Python's Pandas and Geopandas libraries are used to manage most of the data. Most of the data retrieved from each database is managed with Pandas dataframes. Geopandas is used for GIS-specific data, including latitude and longitude points and any lines or polygons made up of connected points. Matplotlib handles objects representing static maps, and Folium is used to create objects related to Leaflet.js interactive maps.
Once the data for each project is available, it's transformed to meet the needs of the project. Pandas and Geopandas functions are used to narrow down the data to relevant information. Project 1 counts events by latitude and longitude and filters out data below the top 100 locations for events. In project 2, the data is aggregated by a map of U.S. climate divisions defined by the NOAA. Project 3 transforms several data sets, the most major example being that traffic data and population data are combined to form a per capita data set. Project 4 uses Pandas to filter out unnecessary data and aggregate data by state.
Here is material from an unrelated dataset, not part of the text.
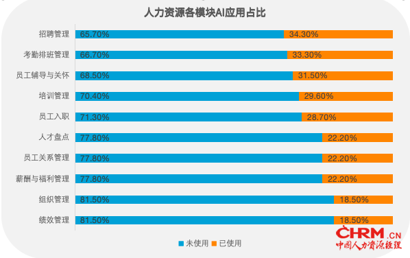 SaaS平台的应用场景覆盖招聘、核心人事管理、薪酬福利管理和人才培训等人力资源管理的全流程。从细分模块来看,AI在招聘场景渗透率高,但在绩效管理、组织发展等模块智能化率低。

Each project makes a final transformation to display the data as a map. Usually this is with a function of Matplotlib or Folium. For example, in projects 3 and 4, Folium's Circle function draws bubbles centered on latitude and longitude points.
Pandas functions are used to read in data from csv files in most cases. Project 1 uses Google BigQuery to access data archived by GDELT without reading a specific file. Kaggle's API is called in projects 2, 3, and 4 to download specific data sets relevant to those projects.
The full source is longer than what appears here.